Slide 5: http://www.flickr.com/photos/66255398@N07/6215291251/in/photostream
Slide 6: http://www.flickr.com/photos/66255398@N07/6215805866/in/photostream
Slide 7: http://www.flickr.com/photos/66255398@N07/6215805904/in/photostream

Monday, October 3, 2011

Week 5 Muddiest Point

All clear this week. No muddy points.

Unit 6 Readings

“Computer network” Wikipedia

Better be careful of the HAM guys if you’re networking.

What are the tradeoffs for wire choices? Why doesn’t everyone just use optical fiber? Cost, or are there other factors involved? Also, when comparing wireless technologies, are they all equally fast? Or just different reaches?

TCP/IP: defines the addressing, identification, and routing specification.

Bluetooth=PAN technology (Portable Area Network)

LAN (local) links several computer is one location. Is there a real difference between LAN and PAN beyond the 10 meter range? Perhaps it’s the reliance on firewire/USB rather than Ethernet more than range. Can LAN also be PAN then?

Intranets are apparently not internets, but web browsers and P2P. Internet on the other hand is actually the backbone of what I think the Internet is.

In firewalls, what makes one source safe and another unsafe. How is this determined?

“LAN” Wikipedia

Mostly use Ethernet and wi-fi. Ethernet is from 1973!

If at “higher layers” TCP/IP is the standard, why is TCP/IP based networking’s market share “much reduced”? Especially if the continue to be both standard and influential?
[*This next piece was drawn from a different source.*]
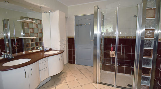 A ce niveau, l’espace nuit comprend 3 belles chambres avec chacune un placard intégré, une salle de bains avec une baignoire d’angle, une grande douche hydromassante, un meuble double-vasques et un WC.

"Management of RFID in Libraries," Karen Coyle

An interesting premise, and it makes sense for books. However, it seems to become problematic as you move away from books to other media types. The fact that thin items can potentially cause the tags to interfere with other RFID tags seems particularly awkward. However, so long as you don’t care about where something is on the shelf, but use it primarily to checkout media and prevent it being stolen, then it seems like it would work fine. I wonder how the field has changed in 5-years, is RFID standard in library books? Was it deemed too time consuming or costly financially?
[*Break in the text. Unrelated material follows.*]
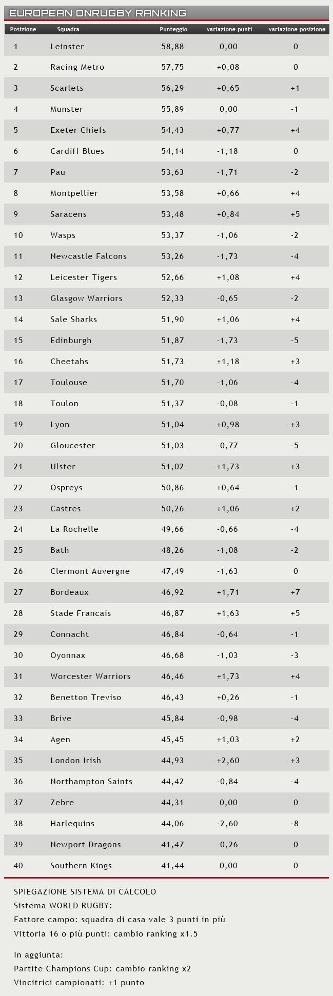 Da registrare poi vi sono i notevoli balzi in avanti di Montpellier, attualmente prima in Top 14, e Saracens: entrambe infatti arrivano in Top 10. Sul fronte italiano, infine, scivola al 32esimo posto il Benetton Treviso con le Zebre che rimangono invece 37esime.

Monday, September 26, 2011

Muddiest Point for Week 4

Two Points:

1) If the DBMS is only the graphical representation of what is going on in my database, how do I see the raw data? Or is the raw data just my tables?
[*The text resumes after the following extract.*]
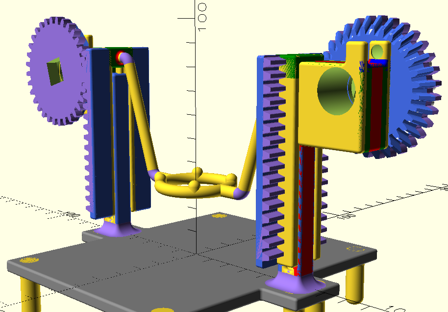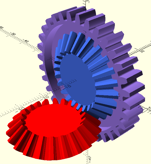 The purple part is the spur gear, and the blue part is the [should be] bevel gear. The blue is not really a bevel gear, it is just the linear_extrude of a spur_gear2d, so the involute stuff is not accurate. A second bevel (or what will be a bevel) gear will go below the existing bevel gear to create a vertical axle. My ultimate goal is to synchronize the spur gears by, after creating the vertical axles, adding a horizontal axle below the table. I have considered using an alternative approach of cutting out a cylinder from the center of the spur gear and placing a bevel gear inside, but it still involves the same number & type of gears in a similar arrangement, but at least placing it inside would prevent the bevel gear from interfering with the spur/rack interaction.

2) Do object-oriented, object-relational, or multidimensional databases look any different from relational databases, or do they just function differently?

Unit 5 Reading Comments

“Setting the Stage,” Anne J. Gilliland

· Creators (as opposed to info professionals) are generating metadata, but not necessarily assigning that name to it.

· Varieties of metadata: admin, descriptive, preservation, technical (how systems function), and use (use of collections and info resources).

· Three components to metadata: content (what it contains or is about), context (who, what, why, how, where of object), and structure (associations/relations to other objects). Structure is taking an increasingly prominent role due to computer processing powers.

· Functions of metadata: creation, reuse, recontexting, and multiversioning – does reuse mean at say the institutional level, or archival level, or both?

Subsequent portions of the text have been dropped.